The firm’s drug Nuplazid’s for the treatment of psychosis associated with Parkinson’s disease will be discussed by the FDA appointed committee tomorrow Tuesday March 29. We examined the FDA package that contains background information prepared by the Food and Drug Administration (FDA) for the panel members of the advisory committee. We also read Acadia’s presented package. Our reasoning and impression are as follows:
The FDA has designated Nuplazid a breakthrough treatment and its package to the committee members mentions this designation. It also mentioned the fact that the one study presented by the firm is still acceptable and that the firm has effectively accomplished its due diligence. The FDA believes the statistically significant results, could be translated into mild efficacy if not every aspect related to the firm’s claim is not well analyzed. The agency mentioned the side effects with life-threatening possibility and the occurrence of a relatively small number of deaths. The FDA acknowledged that this fact should be dealt with while considering the severity of the disease itself, the age of the patients, the duration of the treatment, the Parkinson’s disease gold standard treatment used and whatever other circumstances that might cause side effects and deaths.
Although the negative bloggers and investors are doing whatever it takes to spray fear around the possible rejection of Nuplazid, general investors seem optimistic about the outcome of the committee’s meeting, as observed from the Acadia’s stock rallying today, gaining a little over 20%.

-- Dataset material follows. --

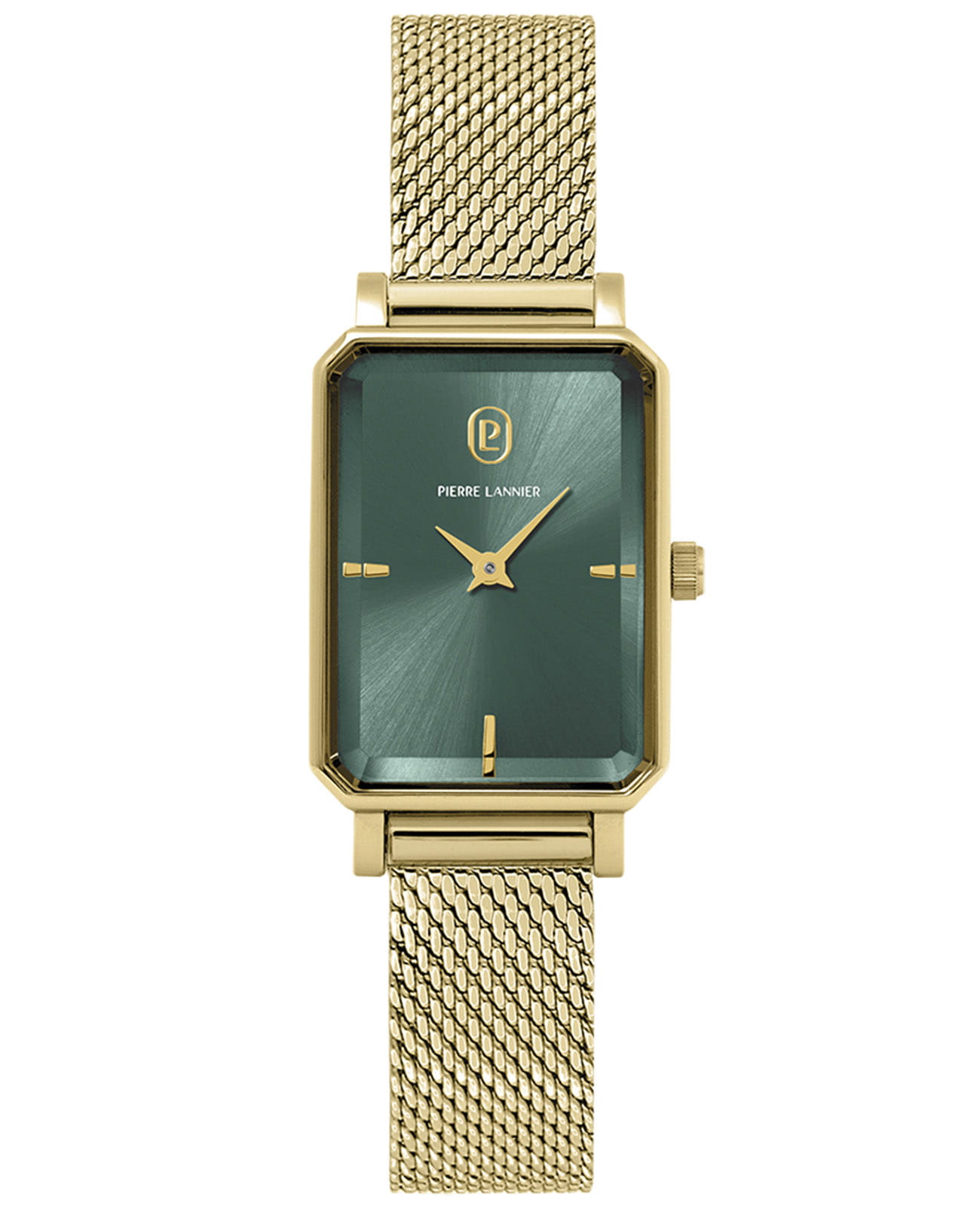Женские кварцевые часы Pierre Lannier 006L572 — это стильный аксессуар, сочетающий элегантность французского дизайна с надёжностью и функциональностью. Корпус прямоугольной формы изготовлен из нержавеющей стали с IP-покрытиемIP-покрытиеМетод ионного напыления. Демонстрирует повышенную устойчивость к истиранию, окислению и химическим веществам. Под воздействием высокого давления и температуры около 1500°C молекулы металла надёжно соединяются с частицами корпуса часов. цвета желтого золота, что придаёт ему благородный внешний вид и устойчивость к царапинам. Его размеры — 21x28,4 мм, а толщина — 7,8 мм, что делает модель удобной для повседневного ношения. Циферблат зелёного цвета дополнен центральными стрелками, а защиту механизма обеспечивает минеральное стеклоМинеральное стеклоМинеральное стекло представляет собой искусственно выращенный минерал кварца. Такое стекло отличается особой устойчивостью к повреждениям и царапинам. Уступает по некоторым качествам сапфировому стеклу., устойчивое к мелким повреждениям. Браслет выполнен в технике миланского плетения из стали с покрытием и оснащён Раскладная застёжкаРаскладная застёжкаТакой тип застёжки используется только на браслетах из металла. Она никогда не раскрывается полностью, происходит разделение на 2 и более частей. Раскладывающая застёжка снизит вероятность потери часов к минимуму., что делает его удобным и практичным. Часы водонепроницаемы до 30 метров (, что позволяет использовать их в повседневных условиях — при мытье рук или под лёгким дождём. Гарантия 2 года подтверждает качество и долговечность изделия. Эти часы станут универсальным аксессуаром для тех, кто ценит сочетание стиля, функциональности и французского качества — идеальный выбор для повседневной носки и торжественных случаев.

Nobody knows the outcome of such discussions before they occur. And nobody can claim reading the contents of the FDA’s mind that are based on the agency’s great detailed study of every aspect of the drug and the disease.
Having said that, and after reading both, the FDA and Acadia’s packages, our feeling and judgment is leaning towards the general investors’ optimistic feelings, rather than with the short bloggers pessimistic sprayed opinion.